News
Gibbes Museum of Art Announces Winner of 1858 Prize for Contemporary Southern Art
Press Release
The Gibbes Museum of Art is proud to announce Donté K. Hayes as the 2019 winner of the 1858 Prize for Contemporary Southern Art. Hayes, a Georgia-based ceramicist, explores themes in Afrofuturism, a projected vision of an imagined future which critiques the historical and cultural events of the African Diaspora and the distinct black experience of the Middle Passage. Hayes will be awarded a $10,000 cash prize and will be celebrated at the Amy P. Coy Forum and Prize Party hosted by Society 1858 at the Gibbes on February 6 & 7, 2020.
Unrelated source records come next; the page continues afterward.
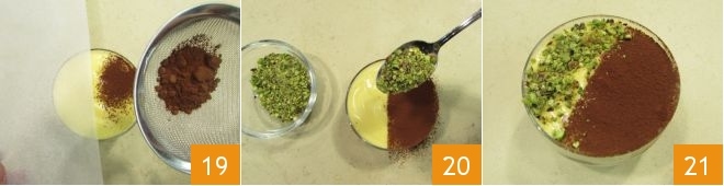 and dust cocoa on the uncovered part 19, garnish the other half with chopped pistachios 20. The cardamom tiramisu is ready to be enjoyed 21.
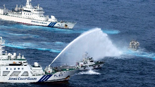 Konflikt: Taiwanesische und japanische Patrouillenschiffe beschießen einander mit Wasserkanonen
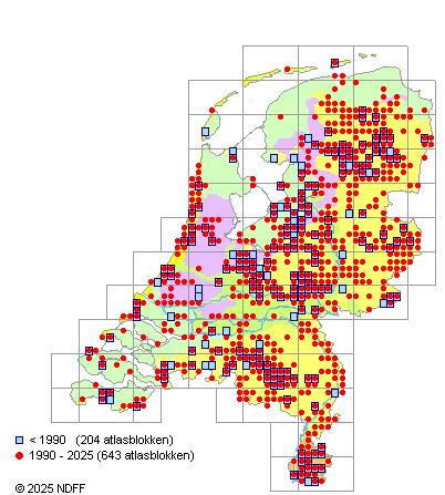 Het aantal atlasblokken (5x5 km) waarin de soort is gemeld binnen een periode van vijf jaar (vanaf 1980) of twintig jaar. Niet gecorrigeerd voor waarnemersinspanning en het aantal doorgegeven waarnemingen kan sterk variëren per periode, dus een trend in verspreiding kan hier niet direct uit worden afgelezen. Het opgegeven jaartal is het eerste jaar van de periode. Bron: gevalideerde waarnemingen uit de NDFF.
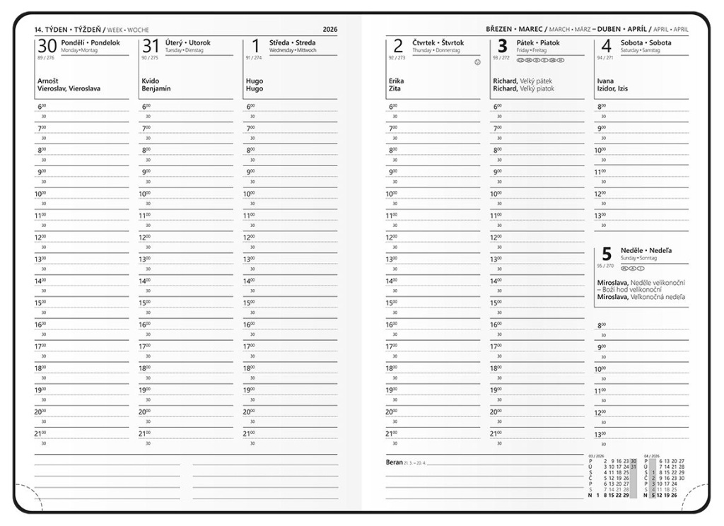 Týdenní diář 2026 Oskar Nora A5 oranžová
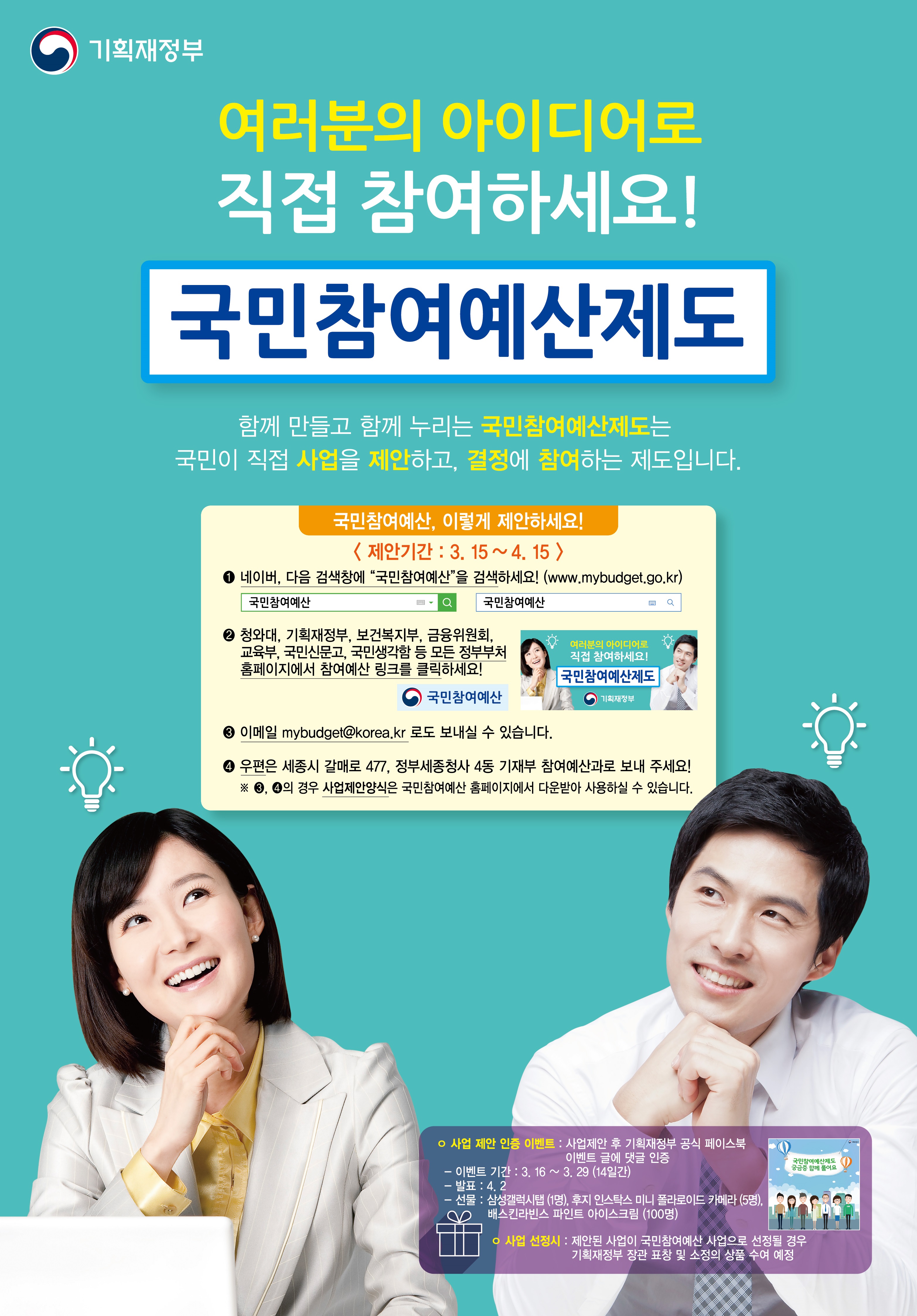 4. 우편은 세종시 갈매로 477, 정부세종청사 4동 기재부 참여 예산과로 보내 주세요!

“We’re thrilled to announce Donté as our winner,” says Angela Mack, executive director of the Gibbes Museum of Art. “His works demonstrate a powerful vision, as he is at the forefront of southern contemporary art. We were extremely impressed with all of our finalists this year and want to thank everyone who submitted to Society 1858.”
Hayes works in clay as a historical and creative base material to inform memories of the past. Ceramics becomes a bridge to conceptually integrate disparate objects and or images for the purpose of creating new understandings and connections with the material, history, and social-political issues. These ceramic objects are vessels, each making symbolic allusions to the black body.
“Thank you to the Gibbes Museum and to Society 1858 for awarding me this year’s 1858 Prize for Contemporary Southern Art,” says Donté Hayes, the 2019 award recipient. “This is a tremendous honor and I wish to congratulate my fellow finalists. As an artist working in the Southern United States this award is so important to recognize all the powerful artwork and creative souls working and born in the Southern region. Winning this award will help to continue to push my art practice financially and creatively after graduate school, along with the opportunity to reach more audiences with my artwork through receiving this prestigious prize. Thank you again and I am blessed and humbled by winning this award.”
Hayes has exhibited extensively across the southern United States as well as internationally in London, England. He is the recent recipient of two full tuition residencies at the Watershed Center for the Ceramic Arts in Newcastle, Maine and Haystack Mountain School of Crafts in Deer Isle, Maine. His artwork is in the permanent collection of the Zuckerman Museum of Art at Kennesaw State University and Spruill Arts Center in Atlanta, Georgia. Hayes is a 2020 Master of Fine Arts degree candidate at The University of Iowa.
Each year, the 1858 Prize is presented by Society 1858, a member auxiliary group of the Gibbes Museum of Art comprised of young professionals. The $10,000 cash prize is awarded to one artist whose work demonstrates the highest level of artistic achievement in any media, while contributing to a new understanding of art in the South. This year, the panelists were forced to choose six finalists due to the outstanding caliber of candidates received. Along with Hayes, this year’s short list of finalists included Damian Stamer, Herb Parker, Martha Clippinger, Michi Meko and Stephanie Patton.